Apparently, some people in the Asian churches had appointed themselves elders: ”guardians of the public morality”. They had set out to prove that Christians are not anti-social. But instead of proving this through quiet, faithful behaviour — as Peter said they should — they were trying to prove it by going out there and taking charge of the public square. Apparently, their attitude was: “Let us guide you. We will organize things according to God’s proper order. And then you will see: Christianity is actually good for society!”

To put this word “meddler” in modern terms, we would say that some of Peter’s friends had become Christian activists.

And so it seems that Peter felt it necessary to say, “Don’t do that! First of all, that is not the example Jesus set for us: he did not try to take over society. Second, it is not going to work: you cannot brow-beat people into accepting God’s standards. Third: that is really annoying!

“Now, I get it, friends! You are trying to improve the reputation of Christianity…but actually you are making it worse. We are already known as an ‘anti-social’ religion; if you keep on going like this, we will become known as a loud and militant ‘anti-social’ religion.”

But as I think we know, busy-bodies and activists are quite hard to convince, because they are often the people with the strongest personalities. And having a strong personality is good! — if it can be harnessed and directed by God’s Word. So, knowing what he is up against, Peter uses a clever technique to help catch his friends’ attention.

He starts with things that they all agree with already: if you suffer, it should not be as a murderer or thief or any other kind of criminal — and of course everyone in the church would be nodding and looking at each other, going, “Oh, yeah, far be it from us to participate in those kinds of evil behaviours!” — and then, after a pause, Peter says, “or…even as a meddler.”

And that is the moment when everyone is supposed to say, “…wait: what?! Did he just list ‘meddler’ as a sin right next to murder, theft, and criminal activity? But I thought we were doing good work here by getting involved and trying to make a difference in society!”

Peter is saying, “Yeah, you thought you were doing good. But God does not think so. And I really think you should adopts God’s standards.”

In other words: Peter is pointing out that at least some of his friends are not actually suffering as Christians, they are suffering because they are trying to change what “Christian” means. And Peter’s instructions for them are clear: if someone calls you a “Christian” — a narrow-minded, bigoted, anti-social monster — do not be ashamed of that! Do not try to correct them. Embrace the label! Praise God that you bear that terrible name, that terrible reputation. Because they said the same things about Jesus also! And did he retaliate? Did he argue? Did he threaten? No, he did not.

And why did Jesus refuse to fight back against the slander, the fiery ordeal that was coming upon him?

Because — verse 17 — it is time for judgment to begin with God’s household.

These are the last days of earth. This is our calling: to be gathered into one community, to be slandered and struck, to be scattered, to be regathered into new communities, to be slandered and struck again, to be scattered still further, to be regathered and struck and scattered — again and again — until the earth is finally filled with the knowledge of the LORD as the waters cover the sea.

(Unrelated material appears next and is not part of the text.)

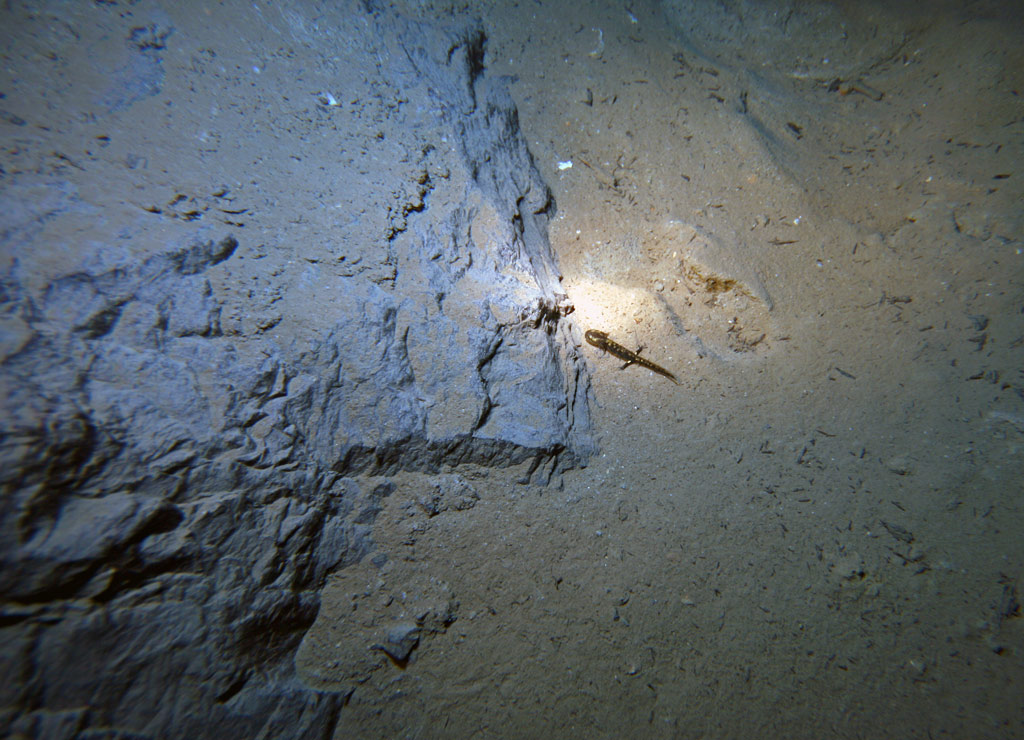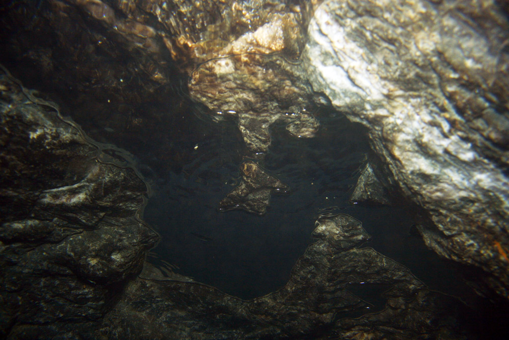 Weiter oben waren keine Larven zu finden, außer im Flachbereich am Mundloch.

In other words: this fiery ordeal is not just God’s plan for refining his people, and purifying our worship — this is also God’s plan for evangelizing the world. Jesus did not fight back against his fiery ordeal because he understood that it was through his fiery trial that the world would be saved. In the same way, we Christians should not fight back against our fiery ordeal, because we understand that it is through our fiery trial that the world will be saved.

It is our Christian calling to take up the cross our Saviour carried. It is our Christian calling to be slandered and struck and scattered, to be passed through the fire and purified, so that by our true worship — even in the midst of terrible grief! — the world might see Christ and be saved.

But all this is a problem for us, isn’t it? When we are slandered, when we suffer, when our voice in society is taken away, we do think that something strange is happening to us! Most of us modern Christians believe that it is our calling to speak up, to make sure that Christianity “has a voice” in the public square. This is how we define evangelism today. And when we see large congregations multiplying across the land, when we see Christian bookstores filled with hundreds of thousands of titles, when we see Christian social media receiving millions of likes and re-shares, and even being noticed by main-stream secular media, we rejoice! Because this is how we define Christian success today. And when we see the laws of a land influenced by Christian values, so that God’s justice and blessing can begin to take hold in that nation, we think that we have accomplished what we were sent out to do!

But that is not what God has called us to. Now is not the time of glory for God’s household, now is the time for our judgement: our humiliation at the hands of the world…our purification at the hands of the Father who loves us more than we can begin to comprehend.

But I know that most of us have a pre-programmed objection to this idea. In our heads we are thinking, “But surely it is a good thing to work toward justice in our societies, right? Surely it is a good thing to resist patterns of corruption and injustice?”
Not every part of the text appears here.